▶ **ENTRIES SHOWN**:
+ + + + +

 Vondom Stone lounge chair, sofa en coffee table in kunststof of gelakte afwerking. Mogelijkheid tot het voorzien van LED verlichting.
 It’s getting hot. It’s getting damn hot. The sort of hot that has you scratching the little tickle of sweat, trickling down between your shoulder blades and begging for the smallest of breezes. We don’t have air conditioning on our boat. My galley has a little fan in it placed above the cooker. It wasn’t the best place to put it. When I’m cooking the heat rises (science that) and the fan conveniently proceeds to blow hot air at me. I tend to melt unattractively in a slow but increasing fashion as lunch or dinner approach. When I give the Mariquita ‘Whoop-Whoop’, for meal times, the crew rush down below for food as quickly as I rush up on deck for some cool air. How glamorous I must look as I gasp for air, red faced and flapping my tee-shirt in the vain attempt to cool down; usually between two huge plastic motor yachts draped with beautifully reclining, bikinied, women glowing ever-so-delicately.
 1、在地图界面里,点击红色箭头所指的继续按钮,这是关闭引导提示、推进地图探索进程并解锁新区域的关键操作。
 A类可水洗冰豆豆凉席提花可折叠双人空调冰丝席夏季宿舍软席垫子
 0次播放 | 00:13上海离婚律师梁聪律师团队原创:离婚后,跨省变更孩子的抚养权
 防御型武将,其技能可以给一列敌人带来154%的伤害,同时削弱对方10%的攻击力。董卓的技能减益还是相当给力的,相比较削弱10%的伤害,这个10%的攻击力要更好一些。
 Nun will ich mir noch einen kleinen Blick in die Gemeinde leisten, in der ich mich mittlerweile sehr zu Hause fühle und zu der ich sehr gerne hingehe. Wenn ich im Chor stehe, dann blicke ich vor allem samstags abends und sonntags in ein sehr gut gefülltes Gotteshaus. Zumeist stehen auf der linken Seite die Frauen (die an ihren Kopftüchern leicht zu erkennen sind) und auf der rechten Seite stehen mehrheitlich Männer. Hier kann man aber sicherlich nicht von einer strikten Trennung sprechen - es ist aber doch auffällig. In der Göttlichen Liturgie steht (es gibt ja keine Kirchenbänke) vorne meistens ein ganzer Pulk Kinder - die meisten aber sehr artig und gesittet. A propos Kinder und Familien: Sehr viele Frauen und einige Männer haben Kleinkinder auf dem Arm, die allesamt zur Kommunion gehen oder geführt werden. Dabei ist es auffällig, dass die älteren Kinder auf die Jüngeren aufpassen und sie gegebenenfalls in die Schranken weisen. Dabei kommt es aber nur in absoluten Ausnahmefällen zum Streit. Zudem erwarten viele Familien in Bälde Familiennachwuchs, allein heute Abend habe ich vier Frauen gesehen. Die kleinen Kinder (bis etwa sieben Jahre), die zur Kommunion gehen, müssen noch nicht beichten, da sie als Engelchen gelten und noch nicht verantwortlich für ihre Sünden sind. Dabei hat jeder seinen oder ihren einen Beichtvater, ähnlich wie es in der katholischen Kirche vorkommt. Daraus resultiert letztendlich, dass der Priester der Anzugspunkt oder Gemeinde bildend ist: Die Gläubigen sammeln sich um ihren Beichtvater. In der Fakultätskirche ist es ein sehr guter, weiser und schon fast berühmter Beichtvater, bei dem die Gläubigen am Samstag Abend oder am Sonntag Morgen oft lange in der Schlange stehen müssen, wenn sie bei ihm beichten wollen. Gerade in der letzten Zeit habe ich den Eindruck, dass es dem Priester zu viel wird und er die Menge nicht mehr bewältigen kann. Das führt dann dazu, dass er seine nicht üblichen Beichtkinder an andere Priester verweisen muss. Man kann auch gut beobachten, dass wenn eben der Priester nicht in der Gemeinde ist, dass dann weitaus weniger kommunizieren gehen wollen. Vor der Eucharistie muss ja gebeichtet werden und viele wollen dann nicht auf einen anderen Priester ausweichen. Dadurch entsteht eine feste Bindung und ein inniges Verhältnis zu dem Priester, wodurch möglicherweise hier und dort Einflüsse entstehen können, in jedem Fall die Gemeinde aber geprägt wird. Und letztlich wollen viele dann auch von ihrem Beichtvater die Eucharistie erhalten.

+ + + + +

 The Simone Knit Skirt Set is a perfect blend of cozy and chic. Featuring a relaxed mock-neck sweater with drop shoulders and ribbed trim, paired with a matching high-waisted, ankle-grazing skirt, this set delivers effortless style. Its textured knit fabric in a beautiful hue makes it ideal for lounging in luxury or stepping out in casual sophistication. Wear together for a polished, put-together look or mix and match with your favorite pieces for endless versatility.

+ + + + +

▶ **EXERCISE**: The lines above from the one containing "1、在地图界面里,点击红色箭" through the one containing "防御型武将,其技能可以给一列" are to be set down exactly, and no others.

▶ **SOLUTION**:
 1、在地图界面里,点击红色箭头所指的继续按钮,这是关闭引导提示、推进地图探索进程并解锁新区域的关键操作。
 A类可水洗冰豆豆凉席提花可折叠双人空调冰丝席夏季宿舍软席垫子
 0次播放 | 00:13上海离婚律师梁聪律师团队原创:离婚后,跨省变更孩子的抚养权
 防御型武将,其技能可以给一列敌人带来154%的伤害,同时削弱对方10%的攻击力。董卓的技能减益还是相当给力的,相比较削弱10%的伤害,这个10%的攻击力要更好一些。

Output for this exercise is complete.